The 19CO3 core was composed of a succession of coarser layers (d50 ranging between 24 and 287 µm) and of finer sediment layers (d50 10 µm) in the upper part of the sequence (between 1996 and 2019). In the lower part corresponding to material deposited between 1978 and 1996, fine and homogenous sediment was found (d50 9 µm). A total of 19 coarser layers were visually observed in this sequence (Figs. 2, 3 and 5). The main coarser layers were observed in 1997, 2008, 2011 and 2016 with a corresponding thickness of 7.5, 12, 7.5 and 25.5 cm. No such layer was observed before 1996. Thickness, grain size properties and age of these layers are detailed in Table 1.

Figure 3Evolution of sediment properties (chemical elements analyzed with an XRF core scanner) along the 19C03 core. The E index (East Pacific index) is freely downloadable at


Figure 4Boxplot of the selected tracer properties (K and Rb) in both the sediment target samples and the potential sources (S1 and S2 correspond, respectively, to the Andean mountains and the lowland dry-forest sources).


Table 1Properties of the 19 coarser layers identified in the 19CO3 sediment core.

Download Print Version | Download XLSX

Changes in geochemical contents such as those shown by Ca / Ti and Sr values highlighted the occurrence of a significant positive trend (Mann–Kendall test, p value < 0.05) during the 1978–2019 period, whereas Ti and K showed a negative trend (p value < 0.05). No statistical trend was observed for Rb (p value of 0.3). The highest Ca / Ti and Sr values were recorded between 2007 and 2012 as well as during the 2015–2017 period. Positive fluctuations in Ca / Ti and Sr contents were mainly observed during the positive E index periods, whereas the Ti behavior showed the opposite trend with a decrease in Ti values during the positive E index periods (Fig. 3). The main changes in Ti contents were observed during the 1982–1984, 1991–1992, 1996–1998 and 2016–2017 periods corresponding to EENEs, ENEs and CENEs as well between 2007 and 2012 without any association with EENEs or ENEs. Finally, the K and Rb contents showed very similar fluctuations (r2 of 0.73 between both elements) (Fig. 3).

3.3 Sediment sources

Two tracing properties (K and Rb) were selected by the FingerPro statistical procedure for un-mixing the sediment source contributions along the 19C03 sequence (Fig. 4). K content ranged between 0.6 % and 2.25 % in the soil samples. The highest K contents were measured in the Andean potential sediment sources with an average value of 1.5 % (SD 0.4 %, ranging between 0.9 % and 2.25 %), whereas a lower average value of 0.9 % (SD 0.2 %, ranging between 0.6 % and 1.2 %) was recorded in the lowland dry-forest source. A similar trend was observed for the Rb content with the highest values measured in the upstream sources (0.07 %, SD 0.01 %, ranging between 0.06 % and 0.1 %) and the lowest values in the downstream source (0.05 %, SD 0.01 %, ranging between 0.03 % and 0.06 %).

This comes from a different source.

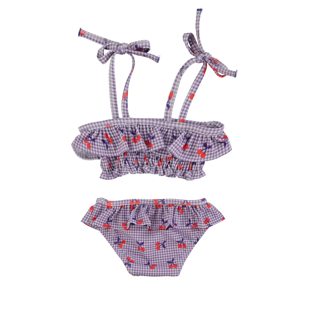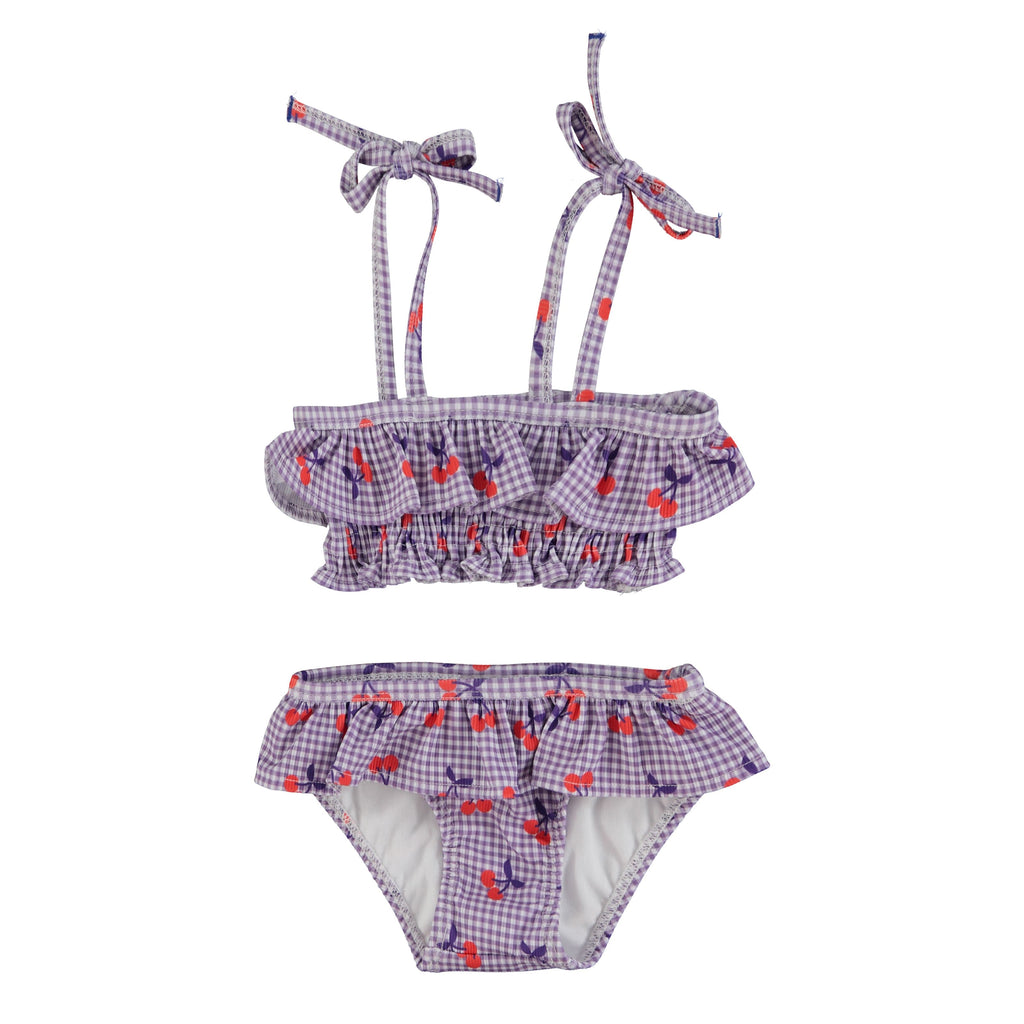 | Bikini with thin shoulder straps and ruffles in the chest and at the bottom. |

Figure 5Particle size distributions of the 19 coarser layers detected in the 19CO3 core (EENE: extreme El Niño event; CENE: coastal El Niño event).


Calibrated K values from the sediment core (r2 of 0.92 between XRF and ED-XRF calibration) varied between 0.7 % and 1.8 % with an average value of 1.1 % (SD 0.15 %). The average calibrated Rb value (r2 of 0.8 between XRF and ED-XRF calibration) reached 0.05 % (SD 0.01 %) with values ranging between 0.03 % and 0.12 % (Fig. 4).

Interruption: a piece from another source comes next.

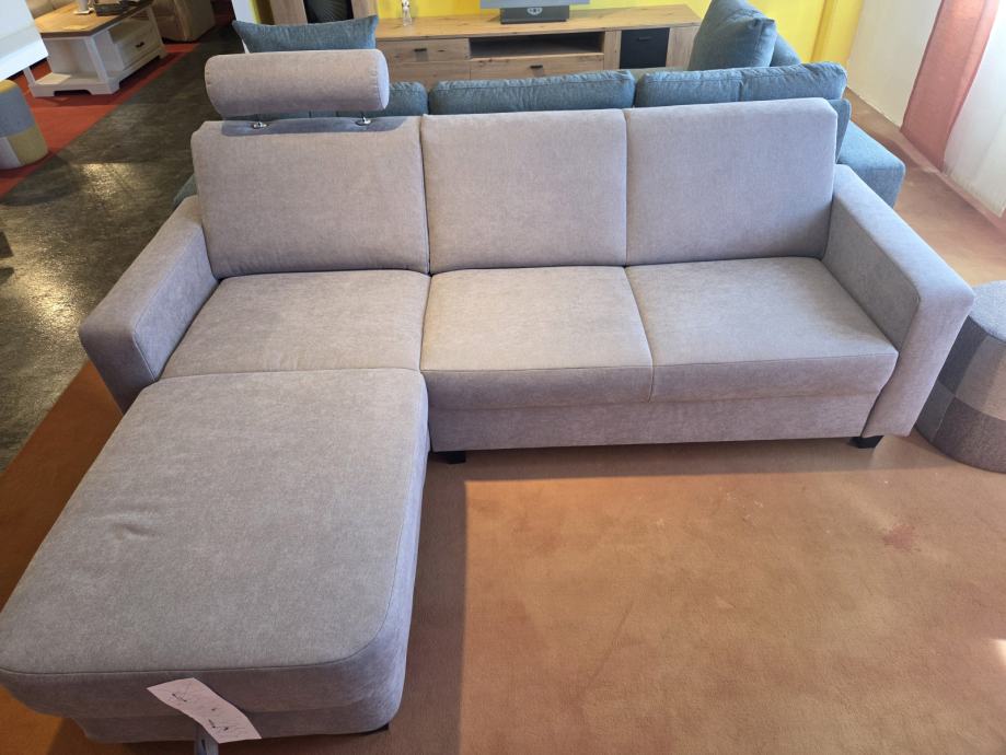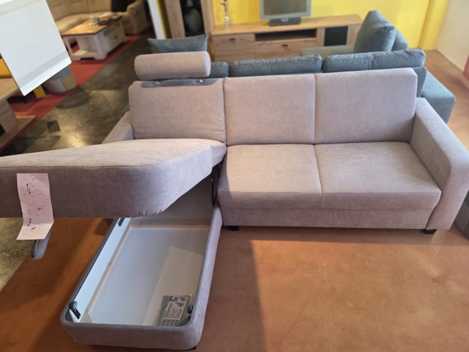 PRIMER SEDEŽNE GARNITURE: DIM. 165 X 228 CM, V MIKROFIBRI, S FUNKCIJO ZABOJA NA OTOMANU TER FUNKCIJE PODALJŠANJE OTOMANA V LEŽIŠČE.

FingerPro results showed that 31 % (SD 22 %) of the sediment accumulated in the core was originating from the Andean source, while 69 % (SD 22 %) of the material was supplied by the lowland dry-forest source (Fig. 6). According to the Mann–Kendall test, the sediment contribution of the dry forest followed a positive trend between 1978 and 2019 (p value < 0.05). On average, the dry-forest source contributed 76 % (SD 20 %) of the sediment accumulated in the reservoir during the positive E index phases. During the negative E index periods, the Andean source contribution increased and supplied 40 % (SD 22 %) of the material accumulated in the reservoir.

Figure 6Comparison between sediment sources (S2 contribution: lowland dry-forest source), E index (East Pacific index: downloadable at and the 19 coarser sediment layers identified along the 19CO3 core.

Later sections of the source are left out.